New EU directive is allowing member states to remove the charge for ‘supply and installation of solar panels’
The move, in the chancellor’s mini-budget – saving householders installing panels around £1,000 by removing the current 5 per cent rate – will also be allowed by the EU, they insist.
The row follows the Brexit-supporting Mr Sunak arguing that a 2019 ruling by the European Court of Justice would have prevented him from acting within the bloc.
“Thanks to Brexit, we’re no longer constrained by EU law,” he told cheering Tory MPs, adding: “We’ll abolish all the red tape imposed on us by the EU.”

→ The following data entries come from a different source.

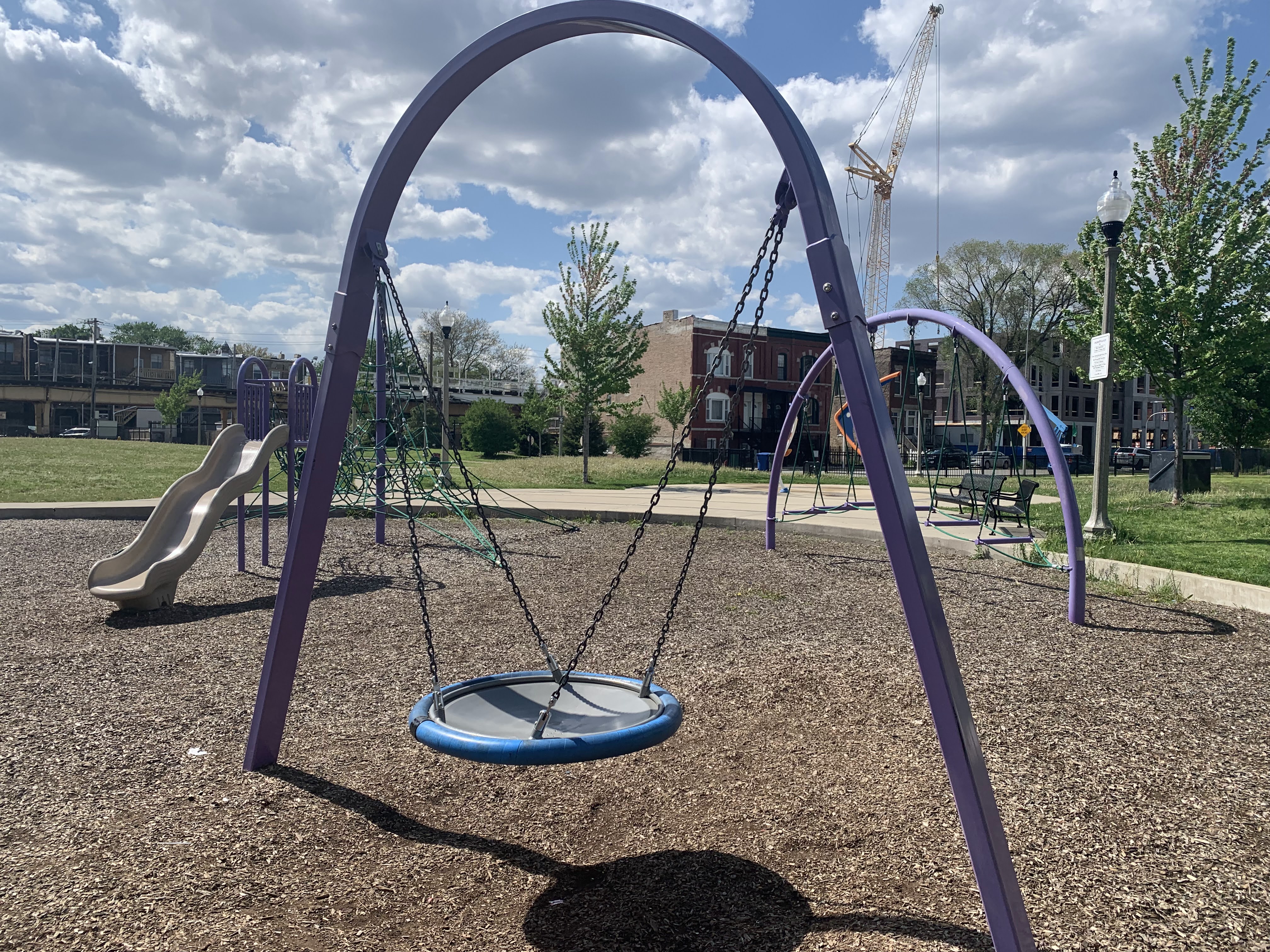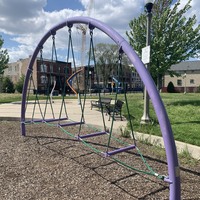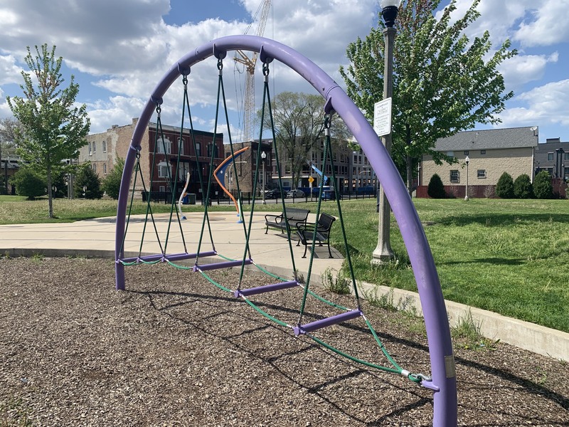 - Hadiya Pendelton Park is named after a Chicago teen killed by gun violence in 2013 and some of the parks design elements - a stack of books and a large musical motif printed on the main walking path - reflect this fact. The playground within the park isn't a traditional playground and instead consists of large, modern standalone elements. These elements include two large net climbing structures, a huge spinning platform with additional elements, a saucer swing, and a rope traverse. Immediately next to the playground is a small water spray feature with three modern spray elements. The entire park is fenced from the street but not fully enclosed. The playground surface is wood chips though there are large grassy areas throughout the park. There are benches and a drinking fountain in this bright and sunny park.
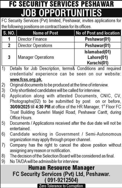 Candidates if you are seekingFC Security Service Ltd Jobs In Peshawar September 2025 if yes. It would be best if you tried to complete read FC Security Service Ltd job because you can easily apply for these vacancies Director Finance Director Operations Operations Manager.
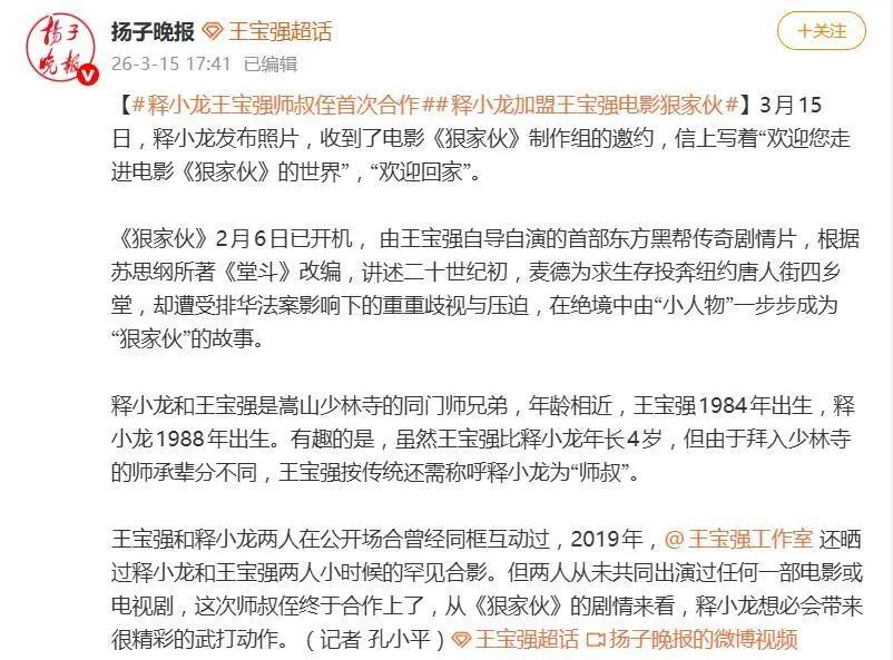 释小龙王宝强终于合作了! 3月15日,释小龙晒出电影邀约信,正式官宣加盟王宝强自导自演的新片《狠家伙》。这对相识超30年的嵩山少林同门,终于迎来了首次银幕合作! 最有意思的还是那个辈分梗:王宝强比释小龙大4岁,可按少林寺的师承辈分,他得规规矩矩叫释小龙一声师叔。 两人早年就晒过童年练功的合影,交情不浅,却从没正经同框演过一部戏,这次合作直接圆了影迷多年的遗憾。 这部《狠家伙》2月就已开机,改编自《堂斗》,是王宝强首部东方黑帮传奇片,主打硬核动作戏。 释小龙扎实的真功夫刚好适配影片的硬派风格,两个少林出身的实力派凑一起,这打戏质感直接拉满,太让人期待了!
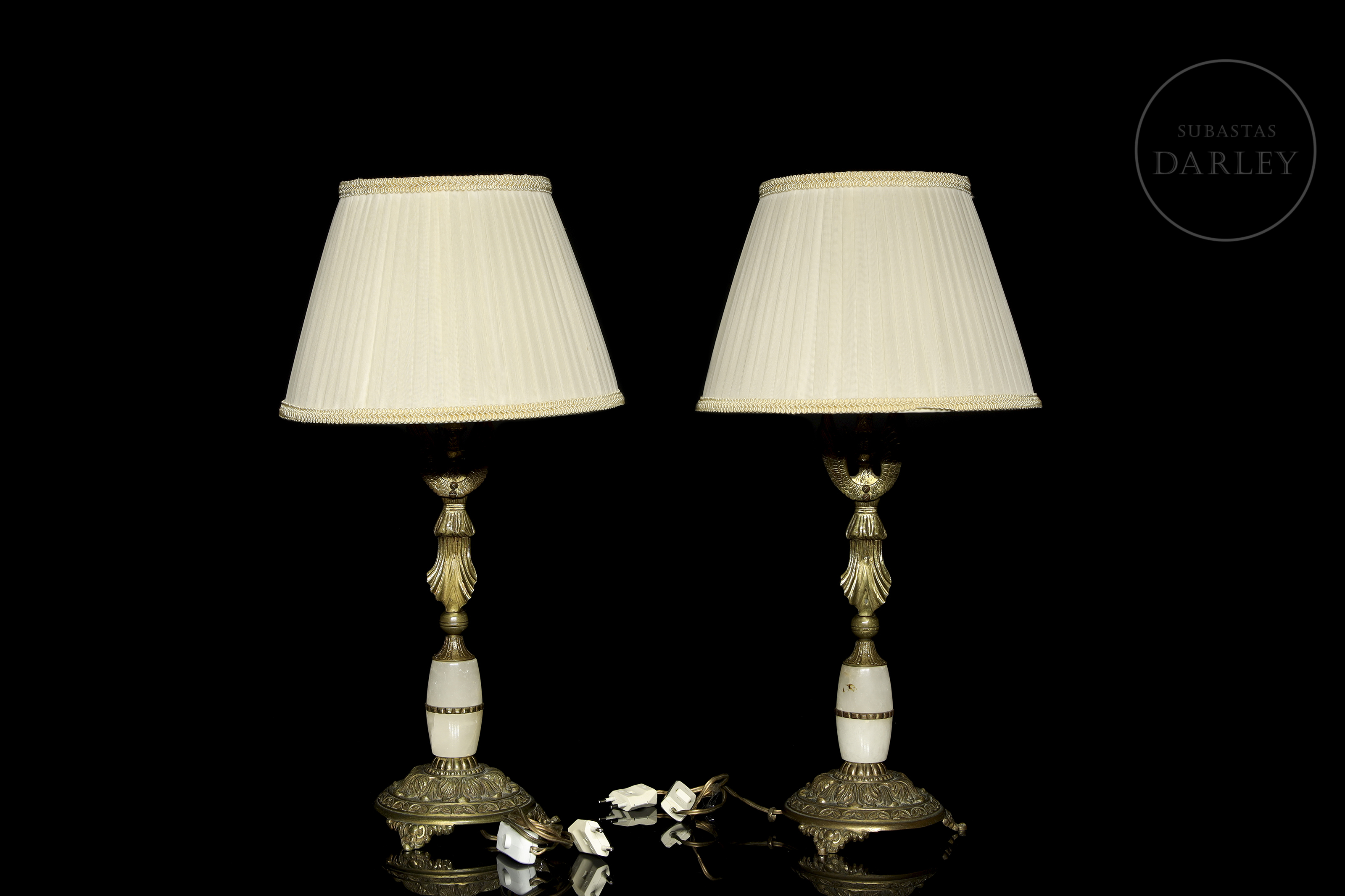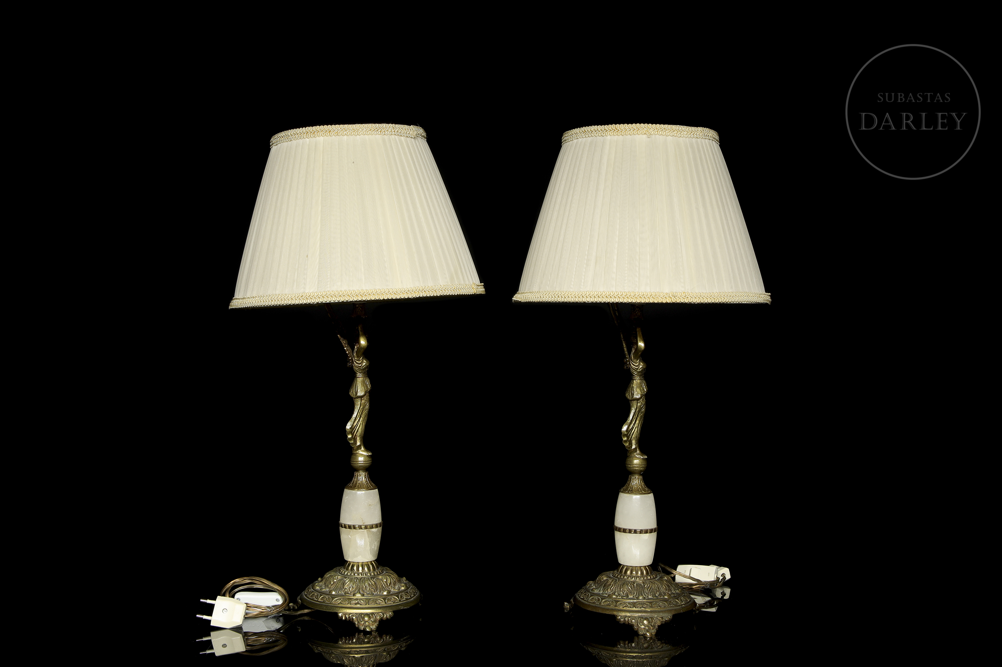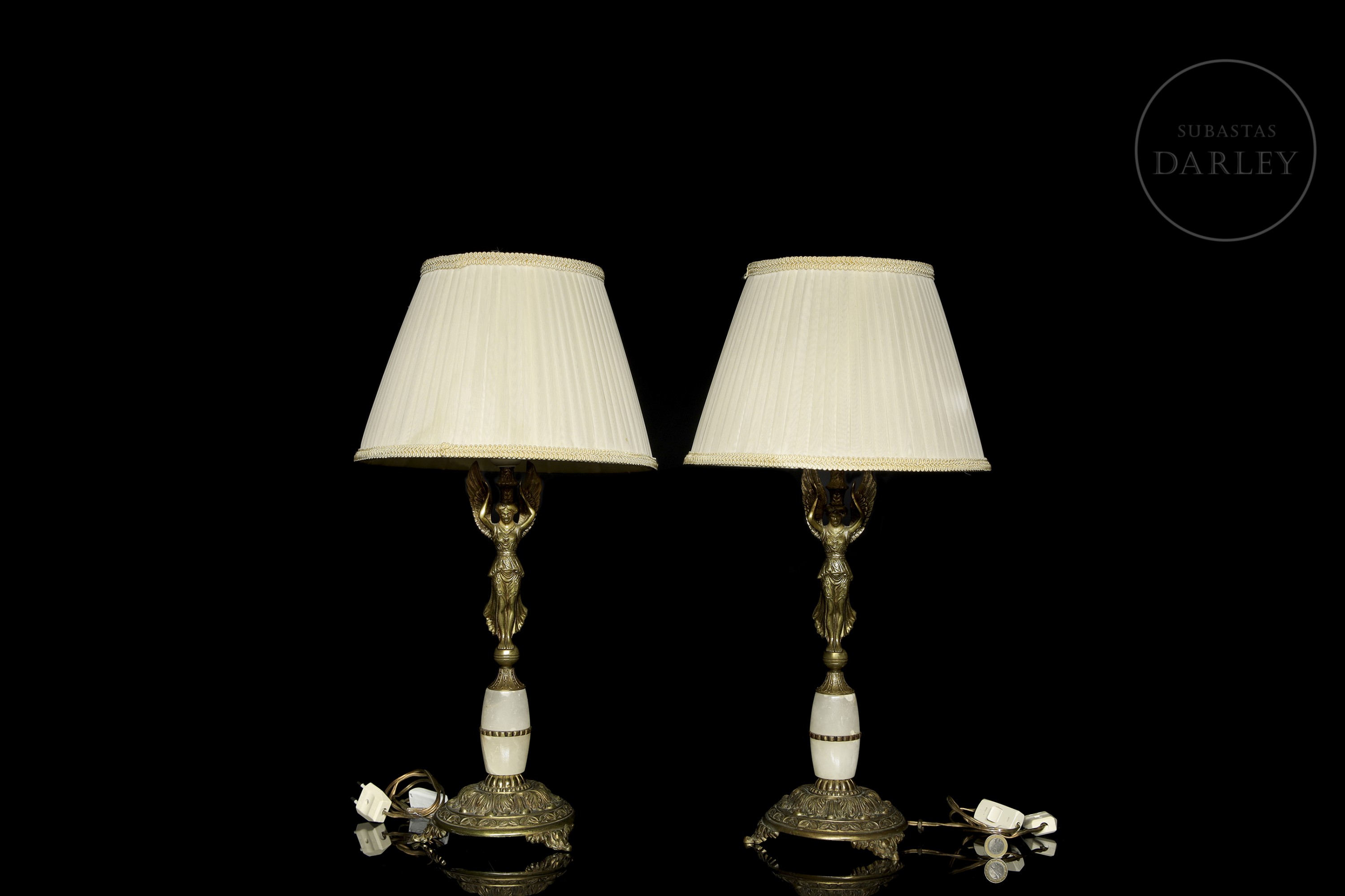 Metal or gilt-bronze lamps, with alabaster appliqués and relief detailing. They have an elongated foot, with the image in relief of a mythological being, with the body and face of a woman with wings and a bird's tail.

Jacob Rees-Mogg then backed up the claim, tweeting after Wednesday’s spring statement: “The EU would not allow us to do this, another benefit of Brexit.”
But it has emerged that a directive, put forward by the European Council last December, is extending the current “exemption” from VAT for food, medicines and public transport.
The new list includes the “supply and installation of solar panels on and adjacent to private dwellings, housing and public and other buildings used for activities in the public interest”, the document states.
Steve Peers, a Brexit expert and law professor at the University of Essex, said of Mr Sunak’s comments: “This is untrue.
“A recently agreed amendment to EU VAT law will give member states an option for a VAT exemption for the supply and installation of solar panels.”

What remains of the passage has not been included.